Neurospora intermedia: la muffa contro lo spreco alimentare
Agricoltura

Neurospora intermedia: la muffa contro lo spreco alimentare

Si stima che circa il 14% del cibo prodotto venga perso o compromesso ancora prima della vendita; un altro 17% verrebbe invece sprecato dopo essere stato messo in vendita. Al di là dei costi enormi di questo fenomeno, è da considerare anche che per dietro alla produzione di questo alimenti che non verranno mai consumati c’è una quantità enorme di emissioni di gas a effetto serra: si calcola circa l’8-10% delle emissioni globali. Si capisce quindi che sia continua la ricerca di metodi per ridurre lo spreco di cibo, con le più diverse tecniche, a livello di logistica, di sensibilizzazione, di conservazione e via dicendo.  Una tecnica particolarmente stravagante, proposta da un biologo esperto di funghi dell’Università della California – Berkeley, Vayu Hill-Maini, prevede l’utilizzo di una muffa, chiamata Neurospora intermedia. Ma in che modo una muffa potrebbe ridurre lo spreco alimentare?

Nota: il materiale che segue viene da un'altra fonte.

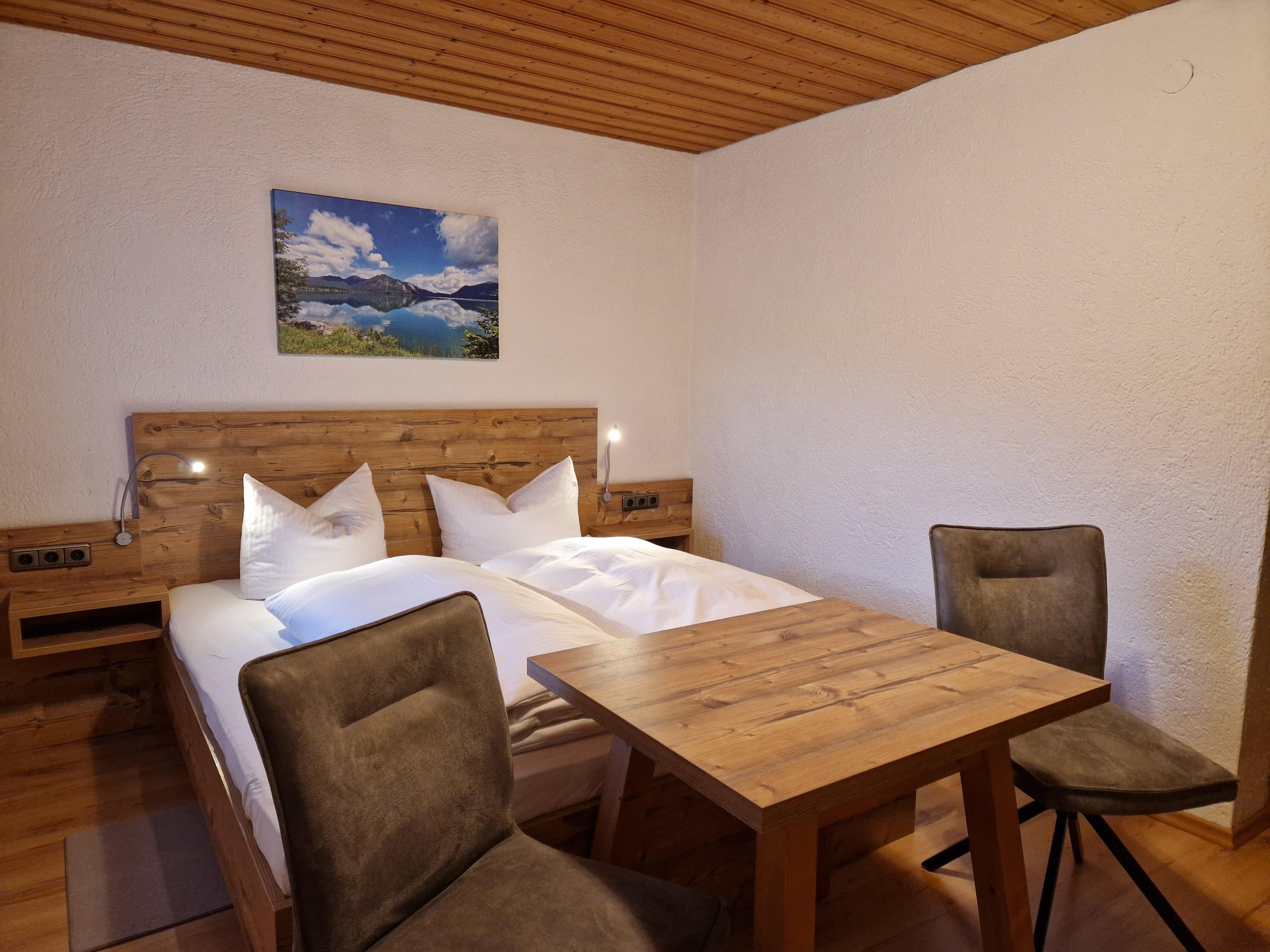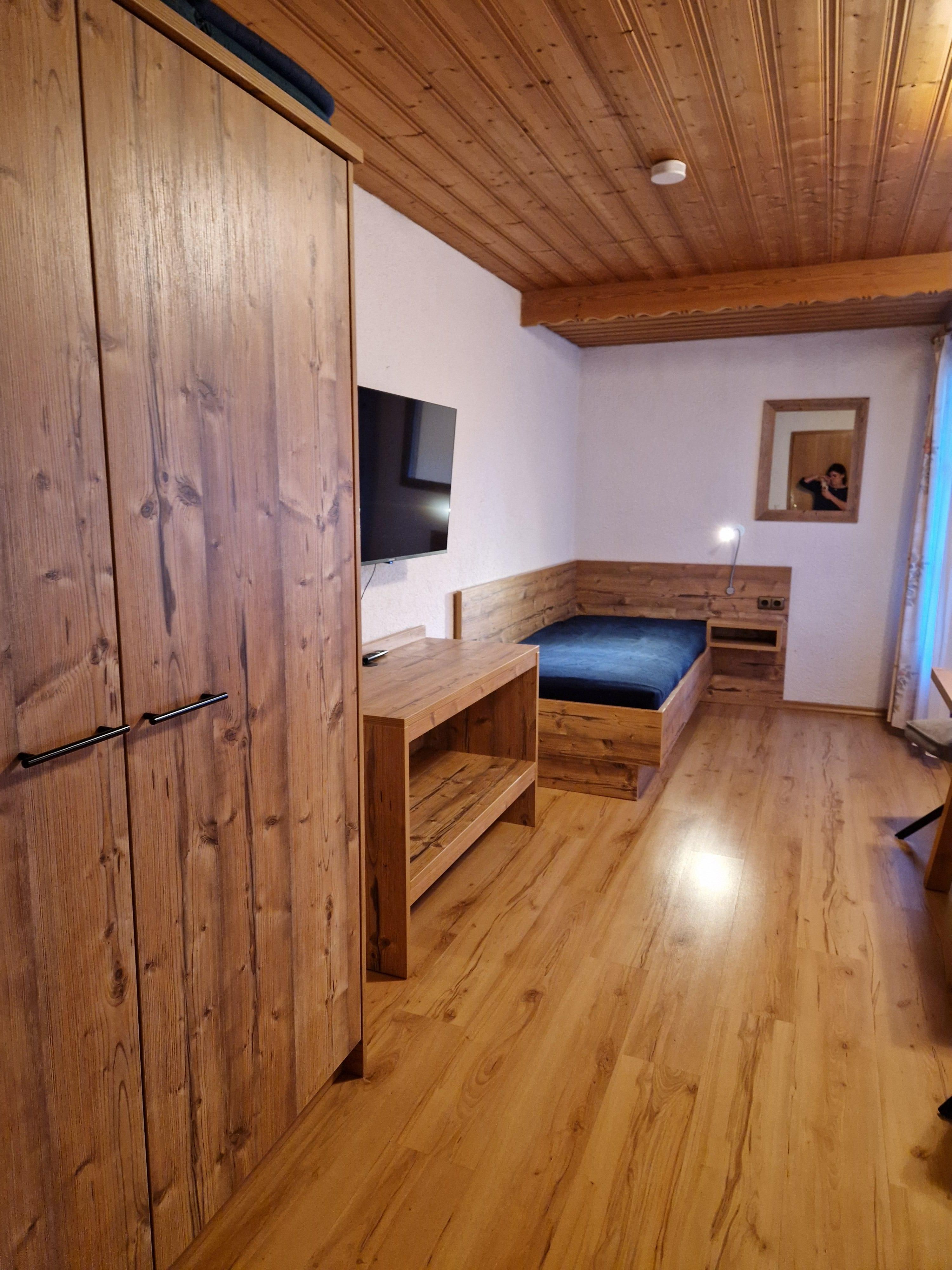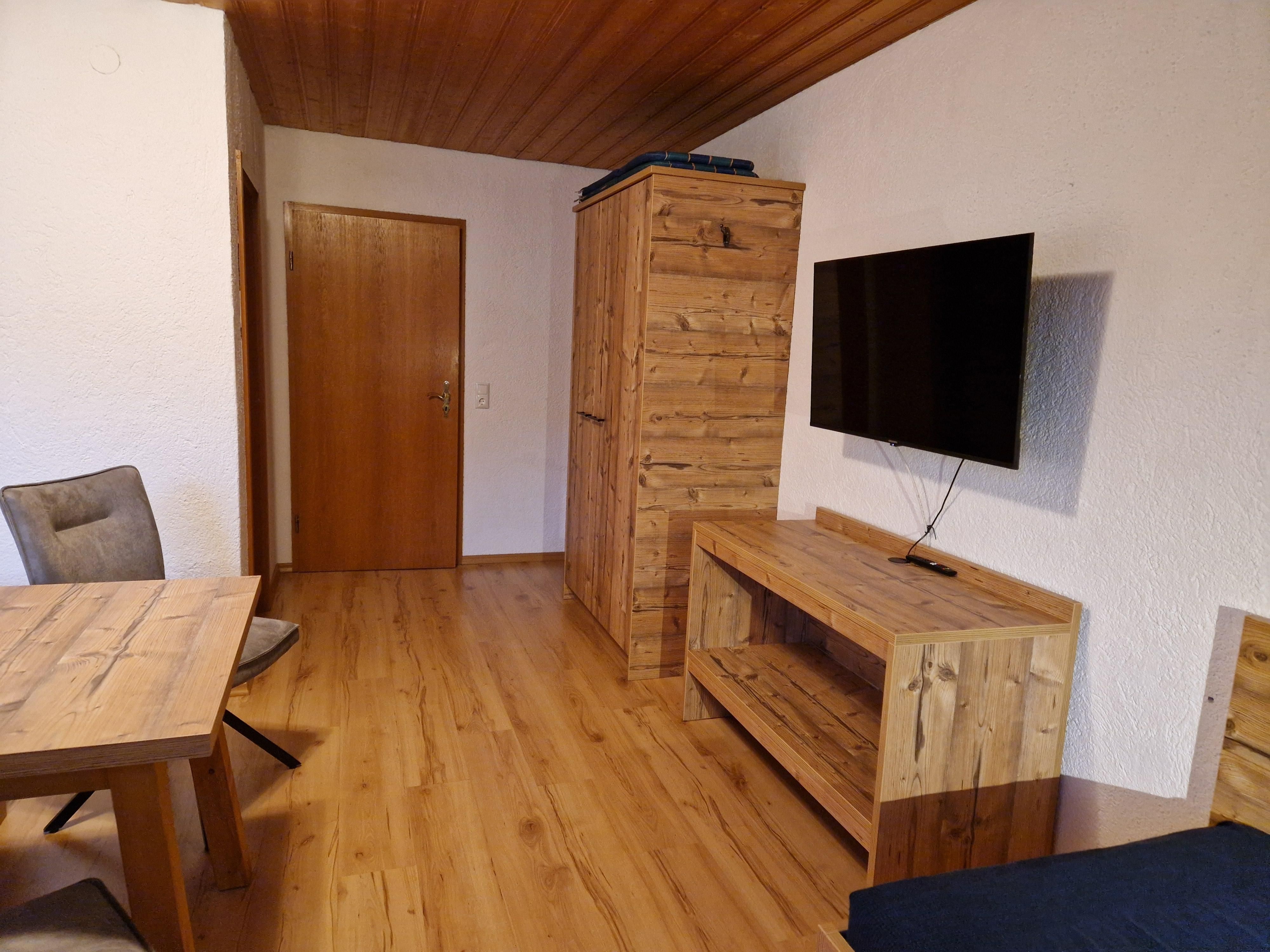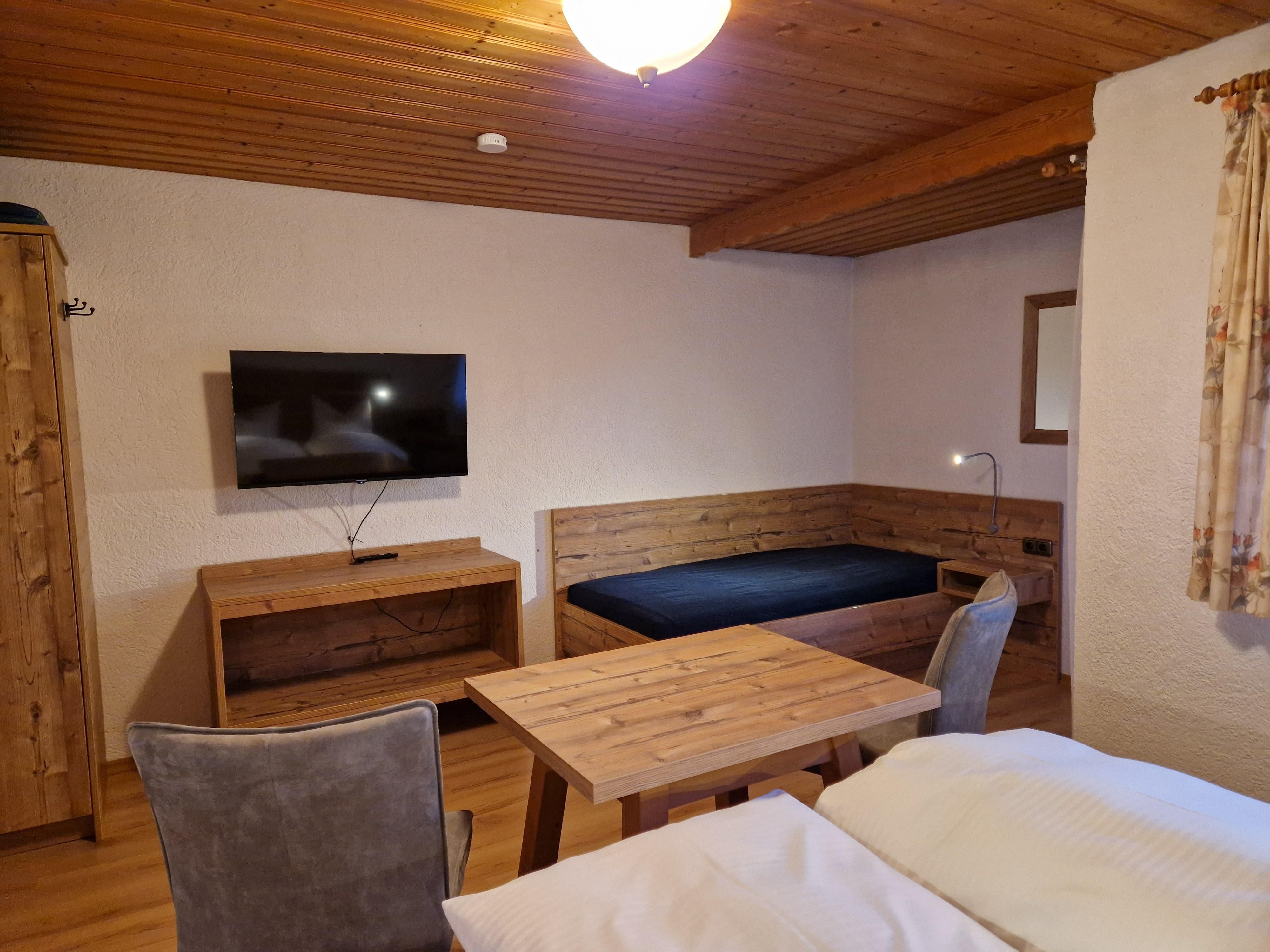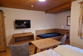 Geräumiges Dreibettzimmer mit Balkon, Bad und WC. Kabel-TV und Gästekühlschrank sind vorhanden. Föhn auf Anfrage. Gemütlicher Aufenthaltsraum mit Teeküche und WLAN-Empfang steht zur freien Verfügung.

Le peculiarità della Neurospora intermedia

Di solito quando pensiamo al binomio cibo e muffa non facciamo riferimento a nulla di buono. Anzi, quando un alimento si ricopre di muffa è tendenzialmente da considerarsi compromesso, e quindi da buttare. Il caso della Neurospora intermedia è però del tutto particolare. Questo fungo arancione è ghiotto dei residui di prodotti vegetali che per noi umani non sono direttamente consumabili. Per fare un esempio, la Neurospora intermedia è già utilizzata nella tradizione culinaria indonesiana per preparare un alimento basilare come l’oncom: si tratta del risultato della fermentazione degli avanzi della produzione del latte di soia e dell’olio di arachidi. Per realizzare il latte di soia, infatti, la polpa dei fagioli viene scartata; grazie alla fermentazione torna a essere utilizzabile.

Come la muffa (giusta) trasforma il cibo

Ma cosa fa la Neurospora intermedia al cibo di scarto? Crescendo e diffondendosi su un alimento, riesce ad alternarne il sapore, il tutto senza produrre delle tossine. E anzi, come descritto da Vayu Hill-Maini in un articolo su Nature Microbiology, i sapori che vengono aggiunti dalla soia sono estremamente interessanti, tanto da aver già incuriosito diversi chef. Lo stesso Hill-Maini, del resto, ha un passato in cucina. Un test fatto su 61 volontari (danesi) ha previsto l’assaggio dell’oncom: le “cavie” hanno ravvisto nel cibo delle note e dei profumi simili a quelli delle nocciole e dei funghi.

Tutto nascerebbe dalla capacità della Neurospora intermedia di digerire pectina e cellulosa, due zuccheri che il nostro organismo, da solo, non riesce a processare. E non si parla solo di nuovi sapori: i cibi che vengono fermentati con questo fungo al termine del processo presentano un apporto proteico più elevato.

Un test è stato fatto per esempio con un budino di riso senza zucchero: dopo aver colonizzato l’alimento, la Neurospora intermedia lo ha trasformato in qualcosa di nuovo, visibilmente simile al formaggio, con un sapore a metà strada tra la banana e l’ananas.

Come sfruttare questa muffa per ridurre lo spreco di cibo

Ora resta da capire come sfruttare la Neurospora intermedia per ridurre gli sprechi alimentari. L’ipotesi è quella di utilizzare questo fungo per ridare vita agli scarti alimentari pre-vendita, e quindi tipici dei processi di lavorazione di diversi cibi. In questi casi la muffa dovrebbe essere fatta intervenire prima della marcescenza degli scarti, per dare nuovo corso a questo prodotti.